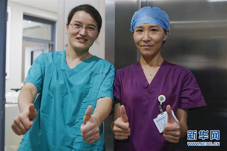 7月3日,中日友好医院检验科新冠核酸检测实验室的闫克芹(左)和张鑫在短暂午休时脱下了防护服。新华社记者 张玉薇 摄
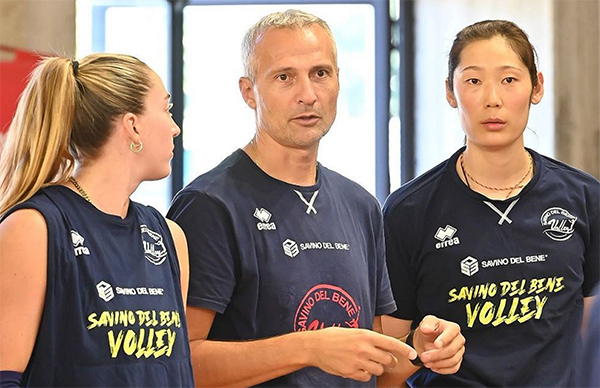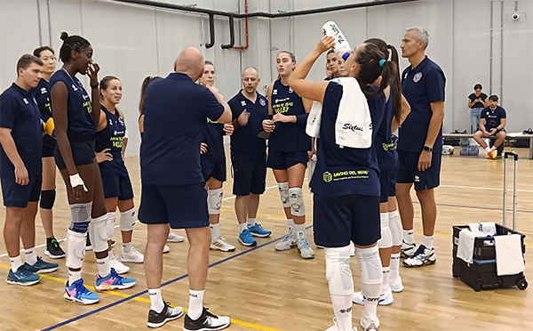 斯坎迪奇进行季前赛前的第二次集训,和佛罗伦萨进行测试训练,因为有部分球员参加奥资赛,还没有归队,所以只能从二队征调一些球员加入。可以看到朱婷戴着护具,耐心地听着教练的讲话。
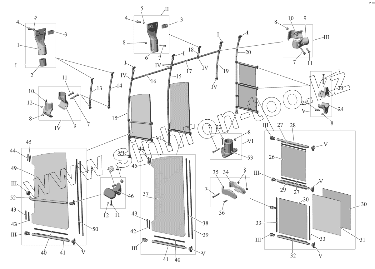 Каталог запасных частей к технике: АМАЗ МАЗ-206/226. Установка поручней (справа) 206060-7811010
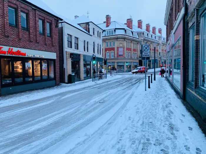 Altrincham town centre in the snow this morning:
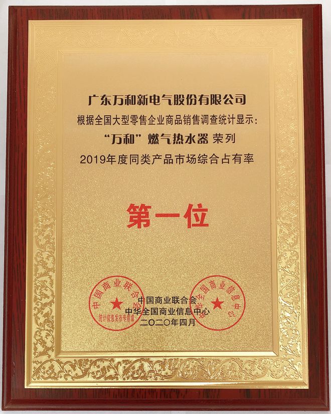 根据中国商业联合会、中华全国商业信息中心共同发布的2019中国市场商品销售数据,“万和”燃气热水器同类产品市场综合占有率继续蝉联第一位,万和在燃气热水器品类中连续十六年市场综合占有率第一,并进入工信部公布的“第三批制造业单项冠军培育企业”,“万和”燃气热水器被评为“2019年度中国消费品市场高质量发展优选品牌”。

## THE TASK
Please copy exactly the lines from the one containing "Altrincham town centre" through the end of the records above, leaving out every picture.

## PROBLEM SOLUTION
 Altrincham town centre in the snow this morning:
 根据中国商业联合会、中华全国商业信息中心共同发布的2019中国市场商品销售数据,“万和”燃气热水器同类产品市场综合占有率继续蝉联第一位,万和在燃气热水器品类中连续十六年市场综合占有率第一,并进入工信部公布的“第三批制造业单项冠军培育企业”,“万和”燃气热水器被评为“2019年度中国消费品市场高质量发展优选品牌”。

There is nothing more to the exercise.